Sunday, November 13, 2016

Effort justification

Yesterday I finished grading a bunch of student papers, an activity that led me to think of the concepts of effort justification and the effort heuristic. This is part of my ongoing effort to understand the psychology behind the persistence of Mesomania.

I posted a comment on cognitive dissonance on the mesomania blog, here. Effort justification is an aspect of cognitive dissonance in the sense that when people spend a lot of time and effort on a project, they tend to justify the effort by believing this proposition:

"the subjective value of an outcome is directly related to the effort that went into obtaining it."

In other words, people who invest in an activity think it is more valuable than those who haven't invested the same amount of time and effort.

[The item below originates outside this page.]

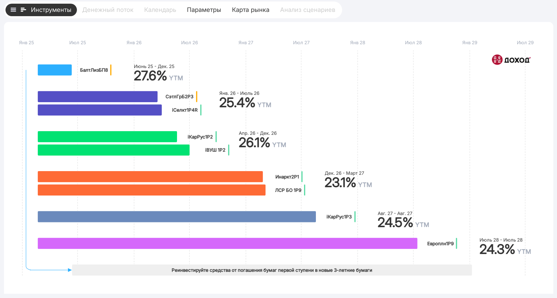Визуализация лестницы облигаций в платформе для построения стратегии лестницы ДОХОДЪ «Лестница облигаций»: https://analytics.dohod.ru/ladder

IMO, this explains a lot of the Mesomania we continue to see.

Imagine that you've grown up with the belief that the Book of Mormon took place in Mesoamerica. Maybe you've gotten a PhD in Mesoamerican archaeology. Or maybe you've written long, detailed books and/or journal articles on the topic. Or edited a journal that published such material. Or you've spent decades researching and writing on the topic, speaking at conferences, maintaining a blog, teaching students, etc. Or maybe you've raised a lot of money to promote the Mesoamerican setting.

Then you are confronted with evidence that completely contradicts your efforts. You develop serious cognitive dissonance.

What do you do?

According to effort justification theory, you will continue to believe your efforts turned out well, that you are still correct, that the evidence is unreliable and not credible, etc.

Effort justification explains why LDS scholars and educators continue to reject the prophets and apostles on the topic of the New York Cumorah.

Here's one explanation, from this site:

"It also seems to be the case that we value most highly those goals or items which have required considerable effort to achieve.
"This is probably because dissonance would be caused if we spent a great effort to achieve something and then evaluated it negatively. We could, of course, spend years of effort into achieving something which turns out to be a load of rubbish and then, in order to avoid the dissonance that produces, try to convince ourselves that we didn't really spend years of effort, or that the effort was really quite enjoyable, or that it wasn't really a lot of effort.
"In fact, though, it seems we find it easier to persuade ourselves that what we have achieved is worthwhile and that's what most of us do, evaluating highly something whose achievement has cost us dear - whether other people think it's much cop or not! This method of reducing dissonance is known as 'effort justification'.
"If we put effort into a task which we have chosen to carry out, and the task turns out badly, we experience dissonance. To reduce this dissonance, we are motivated to try to think that the task turned out well."
Here's another example, from an article on the effort heuristic:

"Consider the following: After receiving a low grade on a paper, a student approaches you after class and complains about his or her grade. Occasionally, such protests stem from errors in grading or strategic attempts by the student to ‘‘work’’ the system. But more often, the grade is correct, and the protest sincere. In such cases, it is not uncommon to hear some version of the following: ‘‘But I don t understand. I worked so could I get a D?’’ Apparently, the student believes that because he or she invested great effort, the outcome of that effort must be great as well. Indeed, we recently asked a group of Cornell University students to indicate (confidentially) how much effort they put into a term paper and the grade they expected to receive, and compared those estimates with the actual grades received. Although predicted and actual grades were positively correlated, that relationship was dwarfed by the relationship between the grade the students expected to receive and the effort they reported investing in the paper."

As we deal with the effects of Mesomania, I hope we all keep effort justification in mind because it helps us better understand the LDS scholars and educators who continue to promote the Mesoamerican theory.